● Work required: Below are some records. Write out exactly their lines from the one with "In addition to" through the one with "Česneko-pažitka. Vytrvalá bylina", and leave the pictures behind.

● Listed entries:
=== Begin Enclosure ===

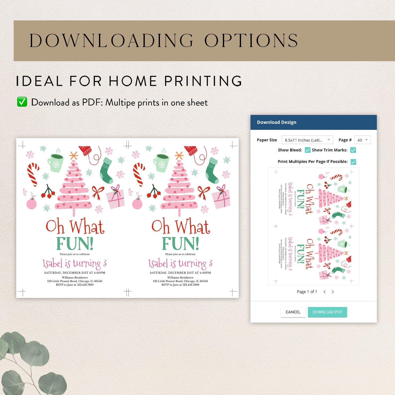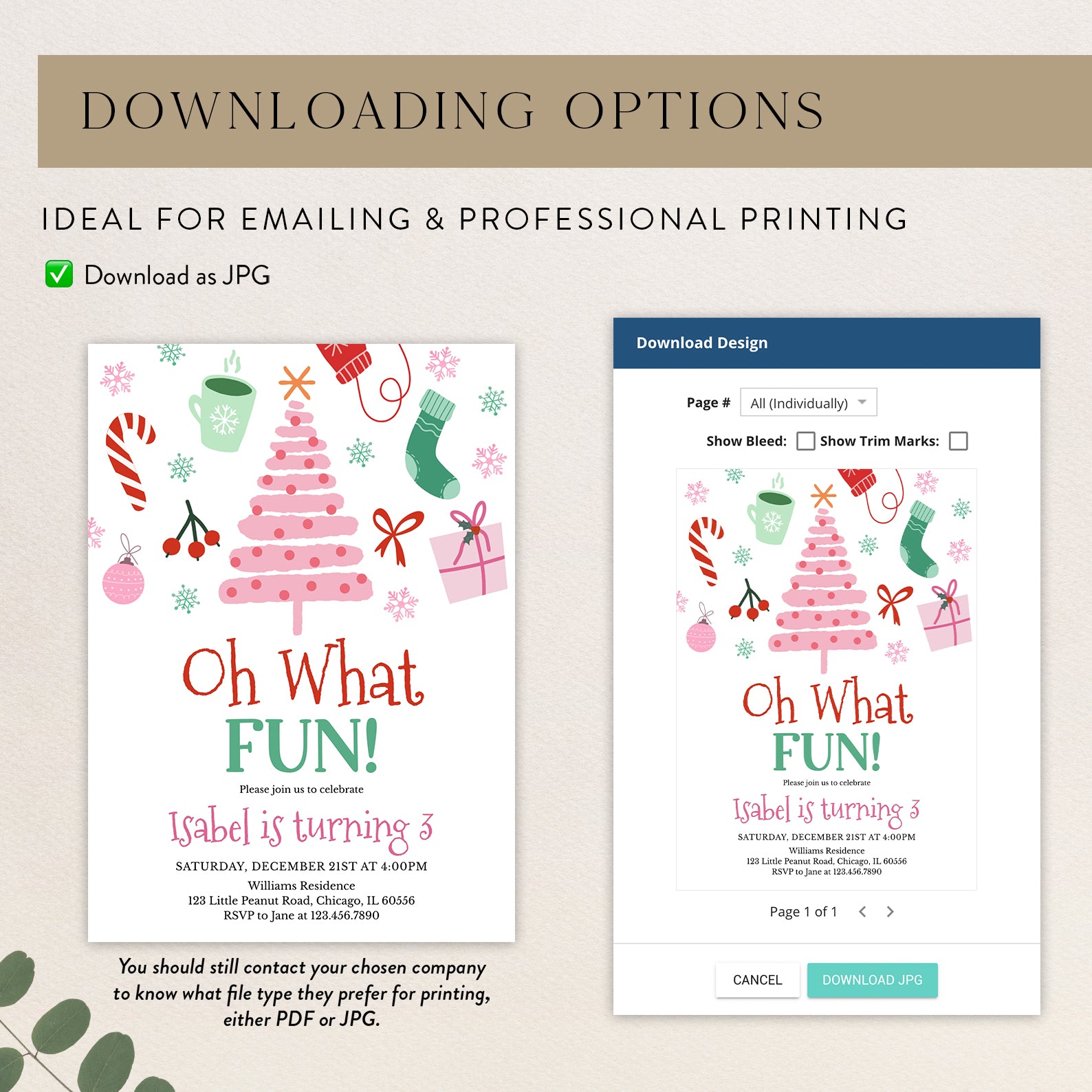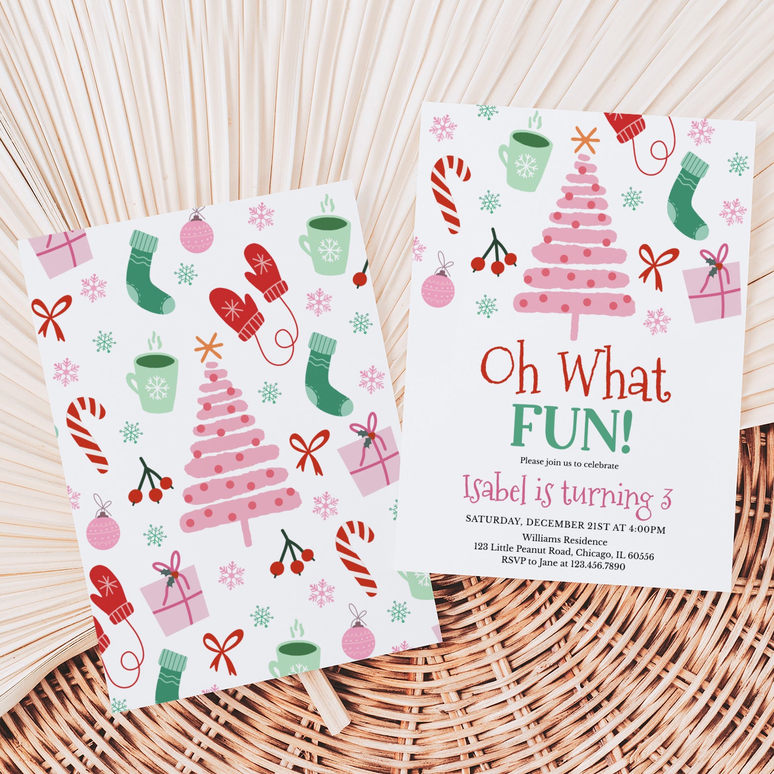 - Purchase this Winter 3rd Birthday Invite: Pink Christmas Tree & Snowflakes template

=== End Enclosure ===
=== Begin Enclosure ===

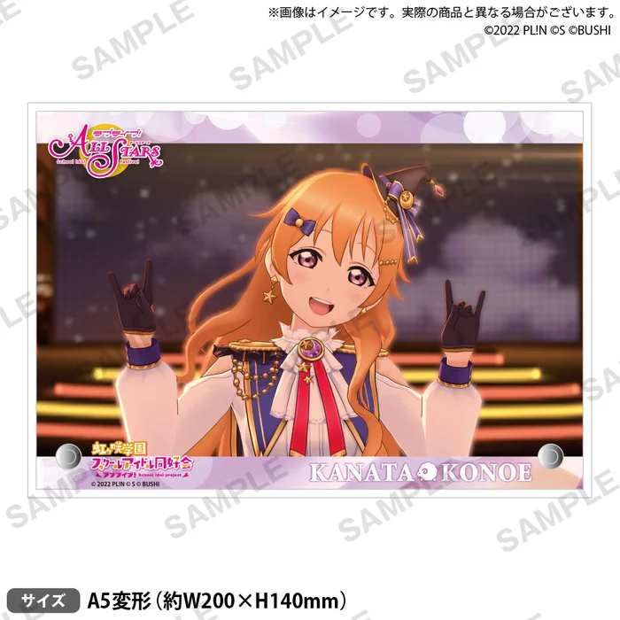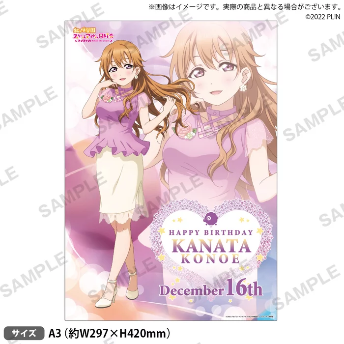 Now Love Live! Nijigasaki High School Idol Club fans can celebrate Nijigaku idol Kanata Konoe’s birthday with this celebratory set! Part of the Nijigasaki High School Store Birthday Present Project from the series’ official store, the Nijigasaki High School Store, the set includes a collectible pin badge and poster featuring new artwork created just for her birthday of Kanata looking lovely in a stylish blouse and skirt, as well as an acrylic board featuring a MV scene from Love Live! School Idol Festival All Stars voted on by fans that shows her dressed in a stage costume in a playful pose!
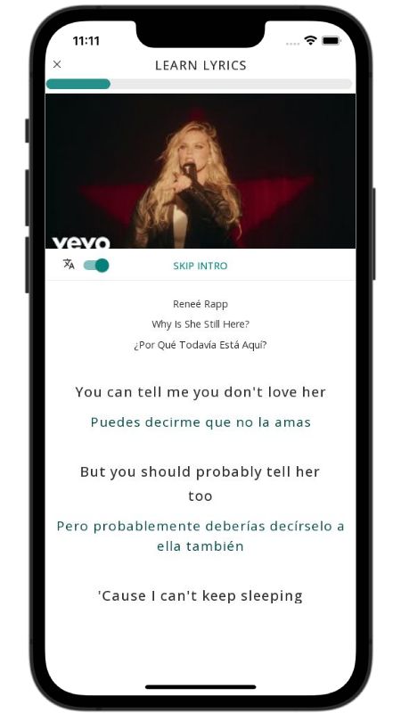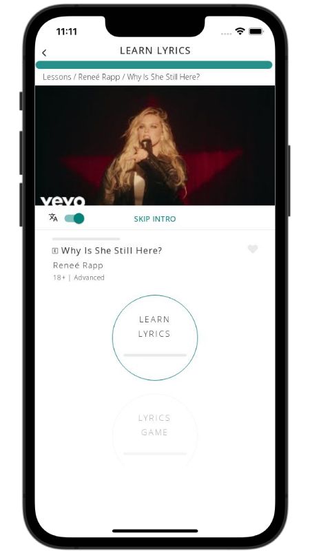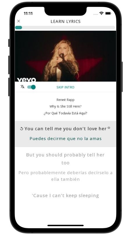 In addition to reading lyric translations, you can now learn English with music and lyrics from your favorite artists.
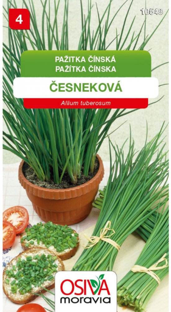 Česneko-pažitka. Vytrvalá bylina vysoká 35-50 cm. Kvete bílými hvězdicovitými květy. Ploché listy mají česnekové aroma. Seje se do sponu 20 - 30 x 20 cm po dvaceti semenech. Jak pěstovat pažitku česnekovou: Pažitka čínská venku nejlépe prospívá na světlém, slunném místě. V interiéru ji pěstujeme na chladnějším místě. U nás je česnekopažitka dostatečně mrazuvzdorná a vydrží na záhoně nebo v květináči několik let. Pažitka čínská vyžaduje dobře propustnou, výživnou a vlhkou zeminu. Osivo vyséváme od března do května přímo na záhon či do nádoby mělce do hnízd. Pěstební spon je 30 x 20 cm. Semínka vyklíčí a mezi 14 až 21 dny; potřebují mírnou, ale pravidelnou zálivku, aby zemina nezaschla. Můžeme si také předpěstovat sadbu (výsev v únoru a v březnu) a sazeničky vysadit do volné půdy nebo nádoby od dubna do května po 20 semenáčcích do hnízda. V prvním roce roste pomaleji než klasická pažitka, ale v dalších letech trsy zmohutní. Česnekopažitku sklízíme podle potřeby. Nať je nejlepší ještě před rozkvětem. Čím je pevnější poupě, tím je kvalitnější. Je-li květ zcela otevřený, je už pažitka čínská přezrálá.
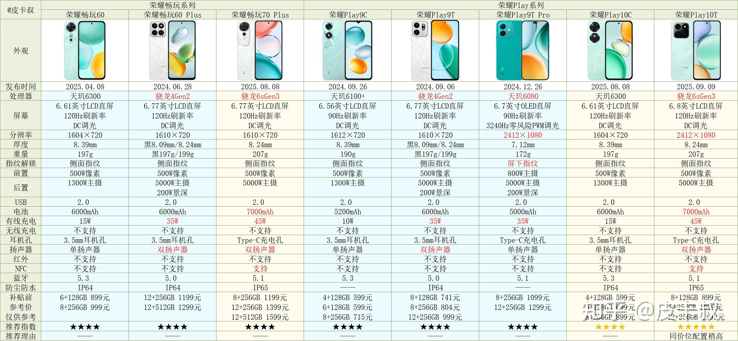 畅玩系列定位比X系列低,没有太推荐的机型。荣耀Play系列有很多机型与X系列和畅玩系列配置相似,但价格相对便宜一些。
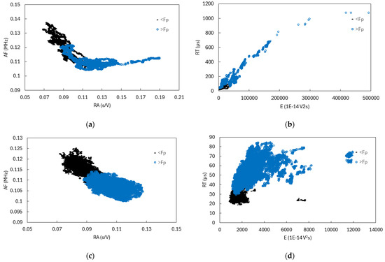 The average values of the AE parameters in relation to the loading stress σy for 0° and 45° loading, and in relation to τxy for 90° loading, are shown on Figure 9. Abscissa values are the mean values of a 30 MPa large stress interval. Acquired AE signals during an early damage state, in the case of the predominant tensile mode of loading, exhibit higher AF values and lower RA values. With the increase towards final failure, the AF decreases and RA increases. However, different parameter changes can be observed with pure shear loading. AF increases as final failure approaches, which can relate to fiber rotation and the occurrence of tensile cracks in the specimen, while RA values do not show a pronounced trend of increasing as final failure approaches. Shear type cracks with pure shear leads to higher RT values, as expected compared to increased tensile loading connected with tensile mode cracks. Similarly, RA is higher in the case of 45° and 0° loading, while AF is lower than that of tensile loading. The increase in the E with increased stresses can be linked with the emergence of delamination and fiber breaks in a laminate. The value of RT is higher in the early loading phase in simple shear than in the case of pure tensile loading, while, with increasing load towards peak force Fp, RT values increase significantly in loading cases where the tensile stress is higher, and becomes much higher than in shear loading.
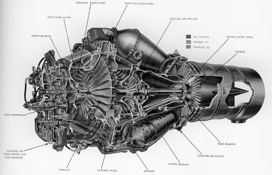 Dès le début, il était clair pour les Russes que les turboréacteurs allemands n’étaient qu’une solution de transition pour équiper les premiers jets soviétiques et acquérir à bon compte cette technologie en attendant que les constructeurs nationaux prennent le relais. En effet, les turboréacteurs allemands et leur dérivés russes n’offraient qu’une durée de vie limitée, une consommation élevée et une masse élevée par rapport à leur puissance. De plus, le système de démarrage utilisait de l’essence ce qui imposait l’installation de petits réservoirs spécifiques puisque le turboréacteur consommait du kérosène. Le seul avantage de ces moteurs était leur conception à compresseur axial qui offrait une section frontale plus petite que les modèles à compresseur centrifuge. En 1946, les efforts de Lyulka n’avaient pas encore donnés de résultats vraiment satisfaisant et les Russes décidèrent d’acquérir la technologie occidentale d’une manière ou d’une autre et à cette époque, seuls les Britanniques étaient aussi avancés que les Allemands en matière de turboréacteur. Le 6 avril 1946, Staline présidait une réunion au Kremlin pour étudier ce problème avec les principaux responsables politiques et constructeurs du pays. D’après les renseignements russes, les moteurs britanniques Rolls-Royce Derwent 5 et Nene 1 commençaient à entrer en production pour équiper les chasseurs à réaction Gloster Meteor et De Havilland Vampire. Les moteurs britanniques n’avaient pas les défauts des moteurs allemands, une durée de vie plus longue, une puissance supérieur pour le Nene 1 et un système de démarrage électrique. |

=== End Enclosure ===
=== Begin Enclosure ===

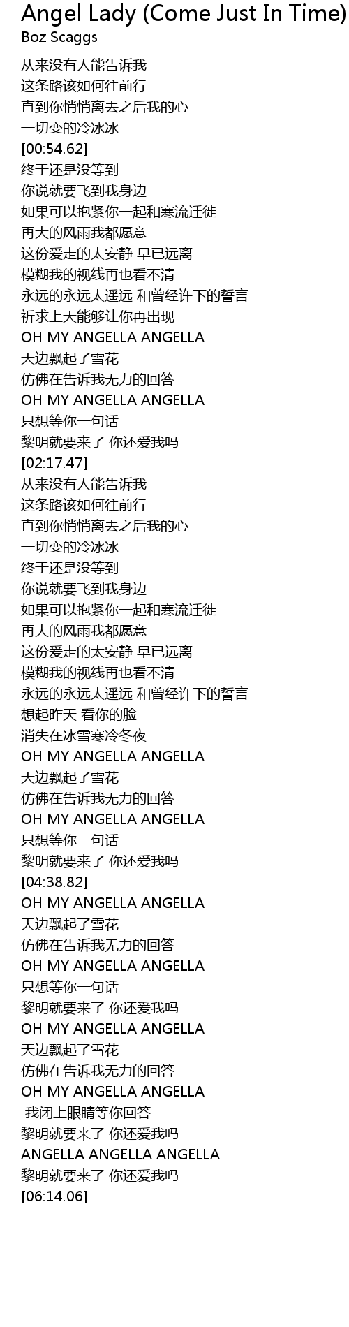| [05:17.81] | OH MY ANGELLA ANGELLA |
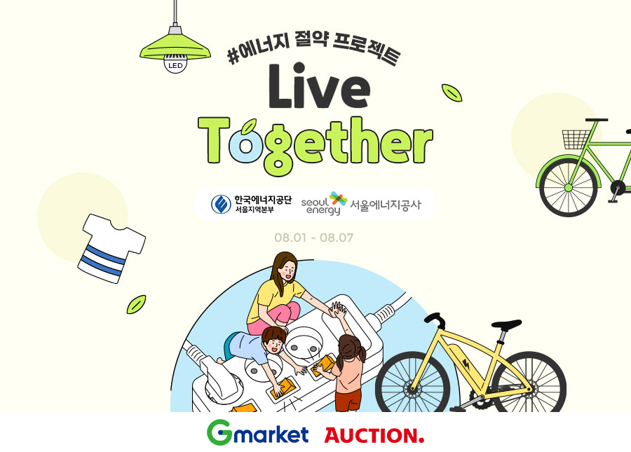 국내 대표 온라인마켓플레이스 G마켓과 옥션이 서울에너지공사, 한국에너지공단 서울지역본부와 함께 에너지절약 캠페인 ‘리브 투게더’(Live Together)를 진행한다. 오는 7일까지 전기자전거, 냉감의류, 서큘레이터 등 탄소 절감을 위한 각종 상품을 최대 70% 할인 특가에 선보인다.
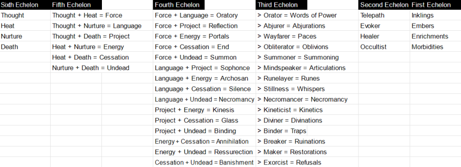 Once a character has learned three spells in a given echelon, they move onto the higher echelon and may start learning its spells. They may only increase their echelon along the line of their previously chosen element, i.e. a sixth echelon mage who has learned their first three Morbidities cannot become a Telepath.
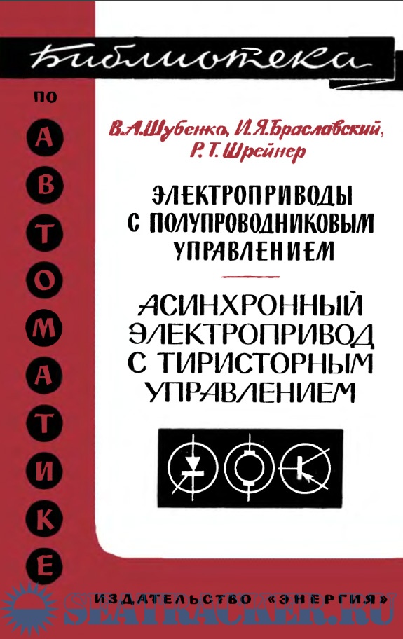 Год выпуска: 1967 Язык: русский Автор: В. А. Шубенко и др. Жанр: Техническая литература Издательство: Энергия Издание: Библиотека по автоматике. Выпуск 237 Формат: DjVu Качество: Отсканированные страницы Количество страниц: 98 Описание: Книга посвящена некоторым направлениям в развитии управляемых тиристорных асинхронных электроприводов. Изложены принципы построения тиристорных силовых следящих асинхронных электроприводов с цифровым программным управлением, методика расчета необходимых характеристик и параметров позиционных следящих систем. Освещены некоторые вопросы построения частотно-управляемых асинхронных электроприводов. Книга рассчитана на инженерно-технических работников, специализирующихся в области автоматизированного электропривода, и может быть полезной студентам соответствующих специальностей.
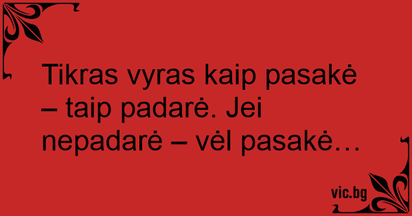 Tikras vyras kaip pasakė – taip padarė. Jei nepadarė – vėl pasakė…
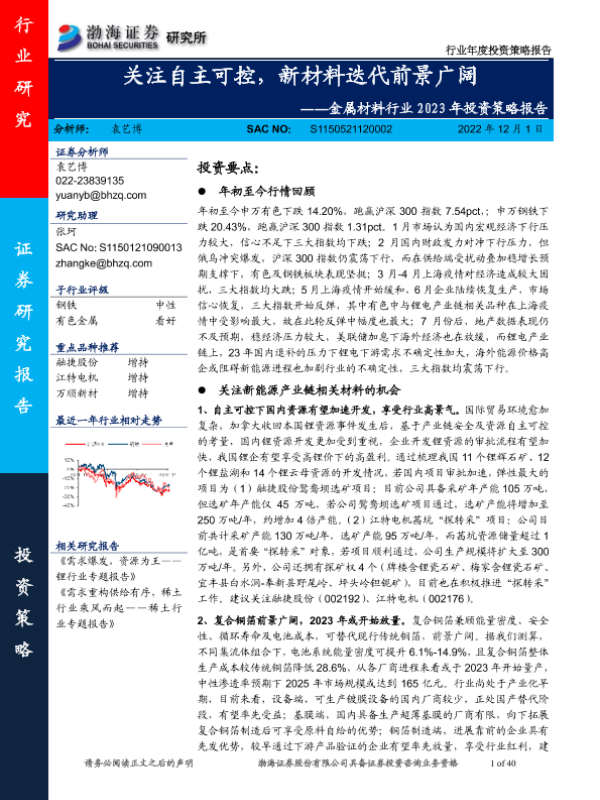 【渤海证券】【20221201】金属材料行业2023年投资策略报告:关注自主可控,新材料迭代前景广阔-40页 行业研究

=== End Enclosure ===

● Reply:
 In addition to reading lyric translations, you can now learn English with music and lyrics from your favorite artists.
 Česneko-pažitka. Vytrvalá bylina vysoká 35-50 cm. Kvete bílými hvězdicovitými květy. Ploché listy mají česnekové aroma. Seje se do sponu 20 - 30 x 20 cm po dvaceti semenech. Jak pěstovat pažitku česnekovou: Pažitka čínská venku nejlépe prospívá na světlém, slunném místě. V interiéru ji pěstujeme na chladnějším místě. U nás je česnekopažitka dostatečně mrazuvzdorná a vydrží na záhoně nebo v květináči několik let. Pažitka čínská vyžaduje dobře propustnou, výživnou a vlhkou zeminu. Osivo vyséváme od března do května přímo na záhon či do nádoby mělce do hnízd. Pěstební spon je 30 x 20 cm. Semínka vyklíčí a mezi 14 až 21 dny; potřebují mírnou, ale pravidelnou zálivku, aby zemina nezaschla. Můžeme si také předpěstovat sadbu (výsev v únoru a v březnu) a sazeničky vysadit do volné půdy nebo nádoby od dubna do května po 20 semenáčcích do hnízda. V prvním roce roste pomaleji než klasická pažitka, ale v dalších letech trsy zmohutní. Česnekopažitku sklízíme podle potřeby. Nať je nejlepší ještě před rozkvětem. Čím je pevnější poupě, tím je kvalitnější. Je-li květ zcela otevřený, je už pažitka čínská přezrálá.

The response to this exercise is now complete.